_DATA PROVIDED_
++++

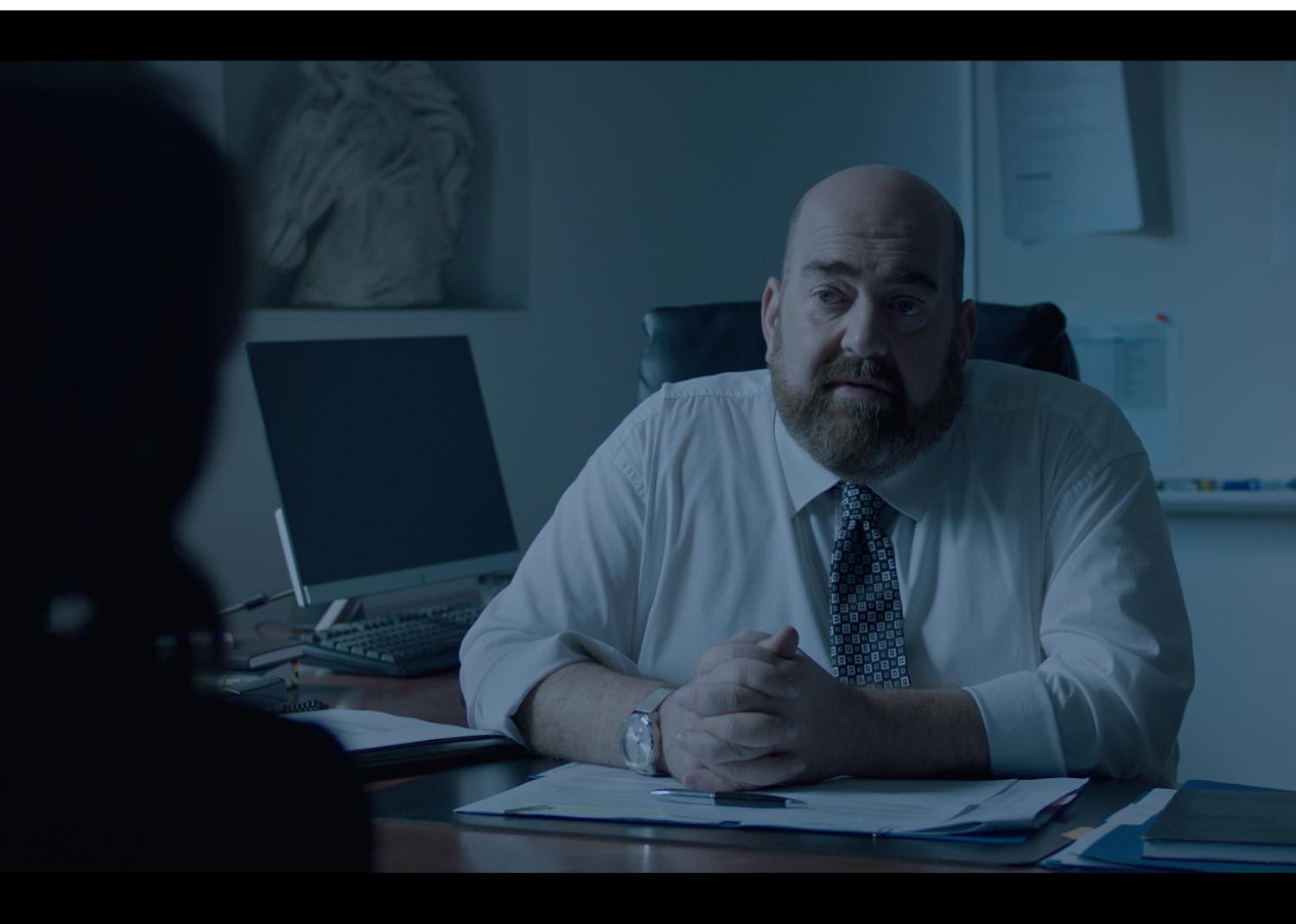 Manuela veut se débarrasser de ses parts pour pouvoir quitter l'entreprise qui est gérée par son agresseur et elle consulte son avocat (Martin Larocque).
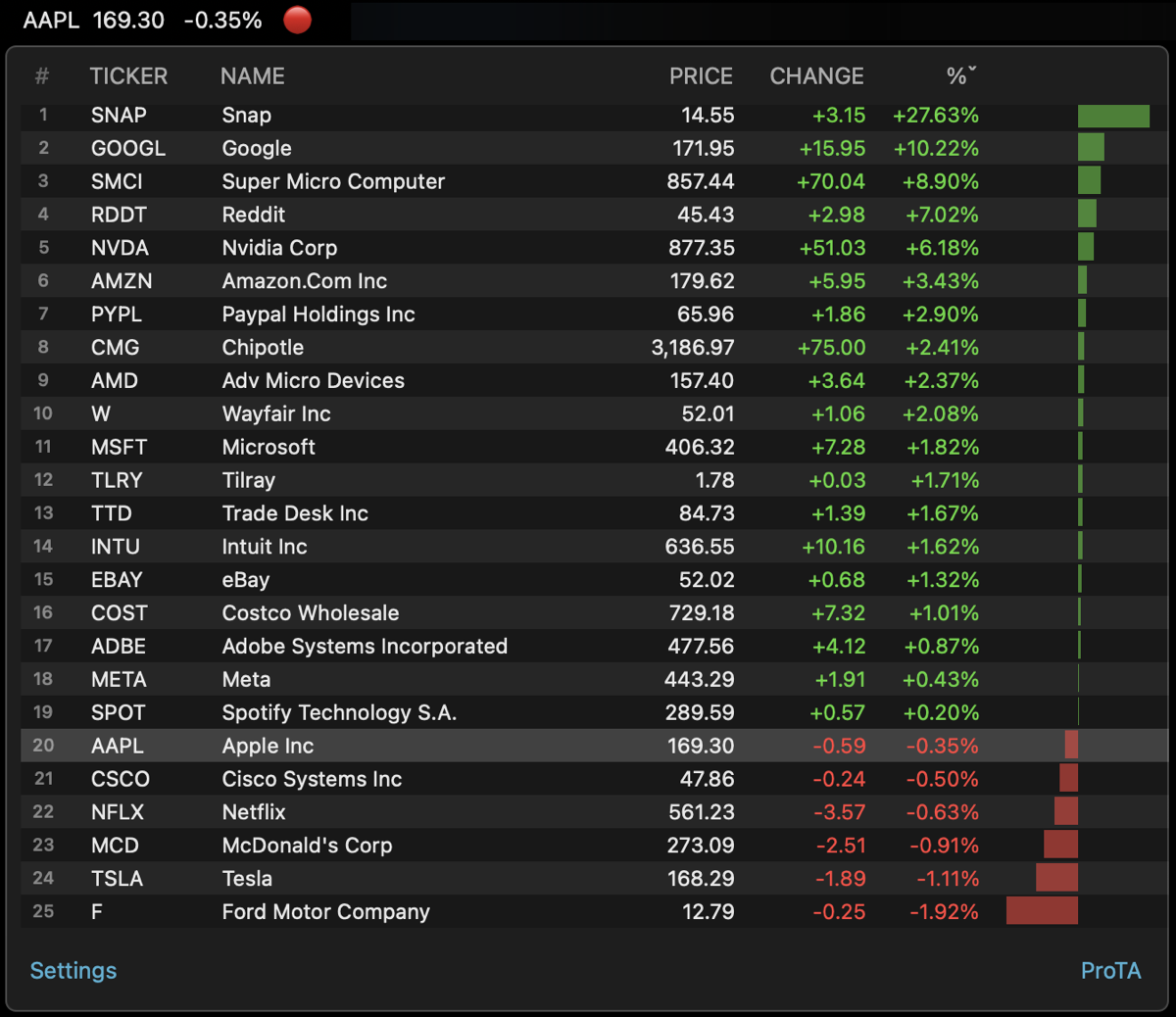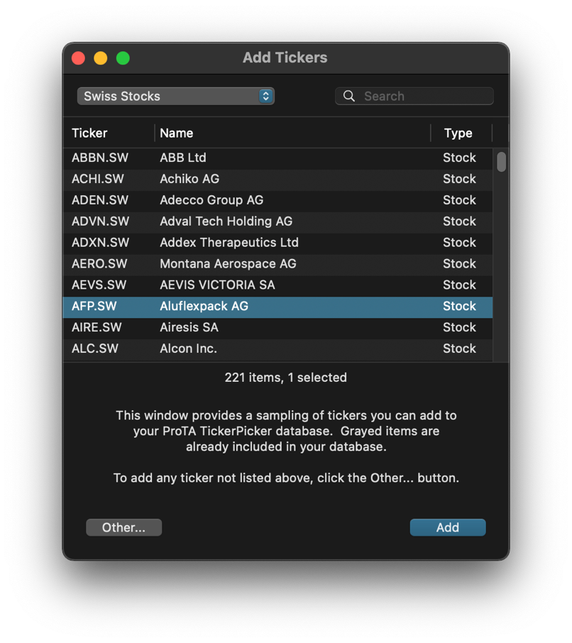 * When adding new ticker symbols to your ProTA database, the Ticker Listing popup now includes an option for Swiss Stocks.
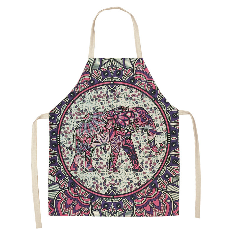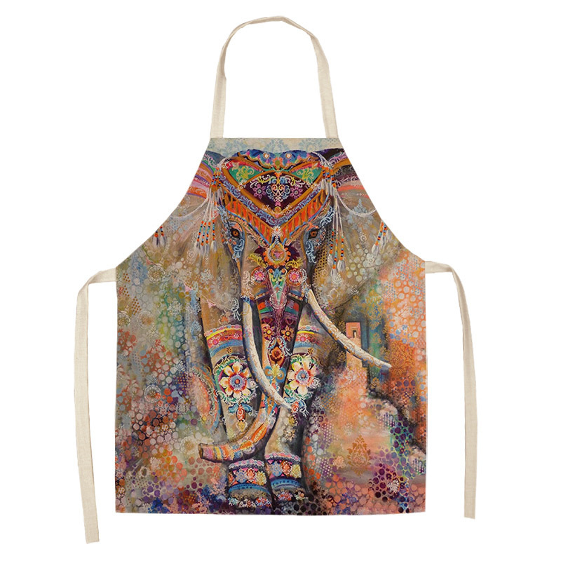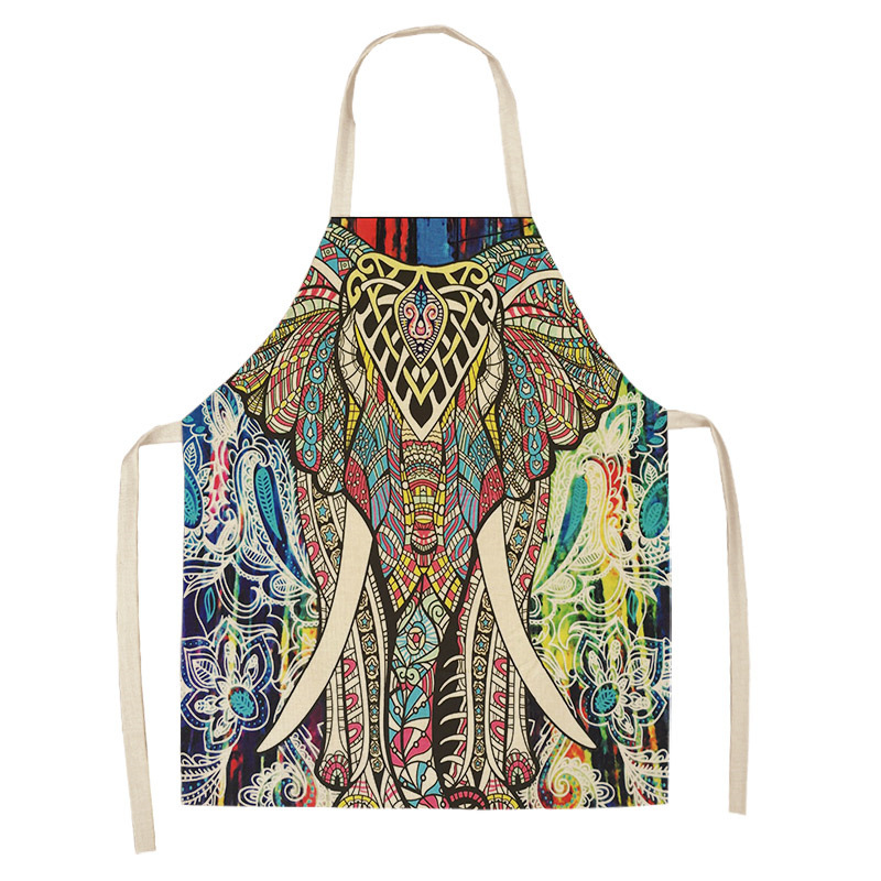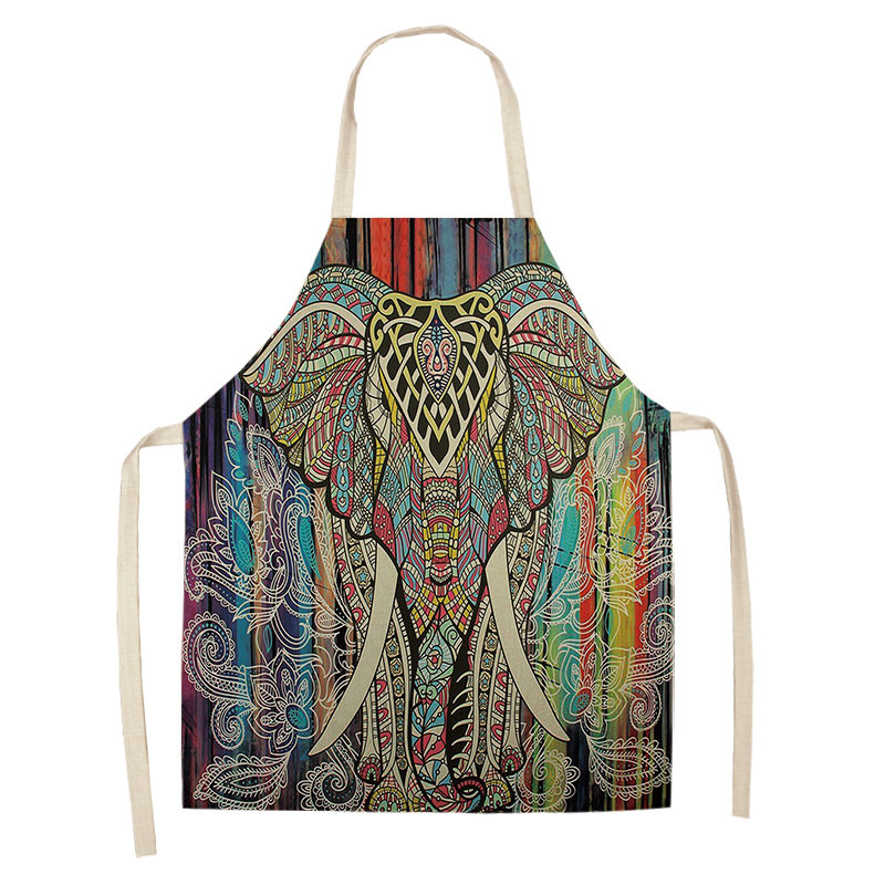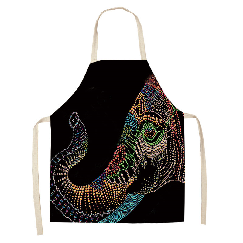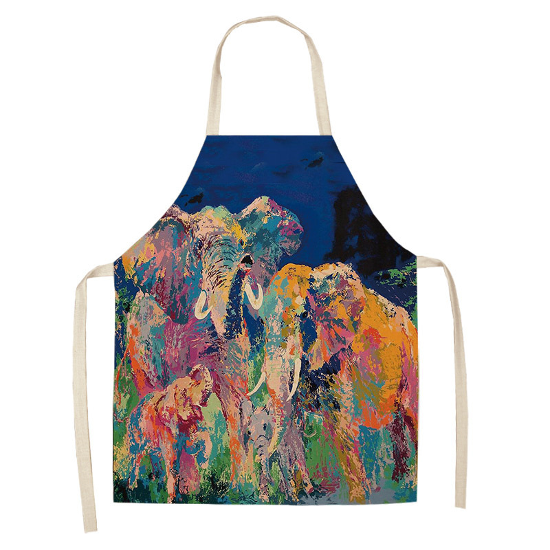 코끼리 패턴 여성용 주방 앞치마 남여 공용 면 린넨 턱받이 홈 요리 베이킹 커피 숍 청소 액세서리

++++

_DIRECTIONS FOR THIS TASK_
Begin with the line containing "for Swiss Stocks." and end with the last line of the material above; return exactly those lines, both ends included, and omit all pictures.

_ANSWER AREA_
 * When adding new ticker symbols to your ProTA database, the Ticker Listing popup now includes an option for Swiss Stocks.
 코끼리 패턴 여성용 주방 앞치마 남여 공용 면 린넨 턱받이 홈 요리 베이킹 커피 숍 청소 액세서리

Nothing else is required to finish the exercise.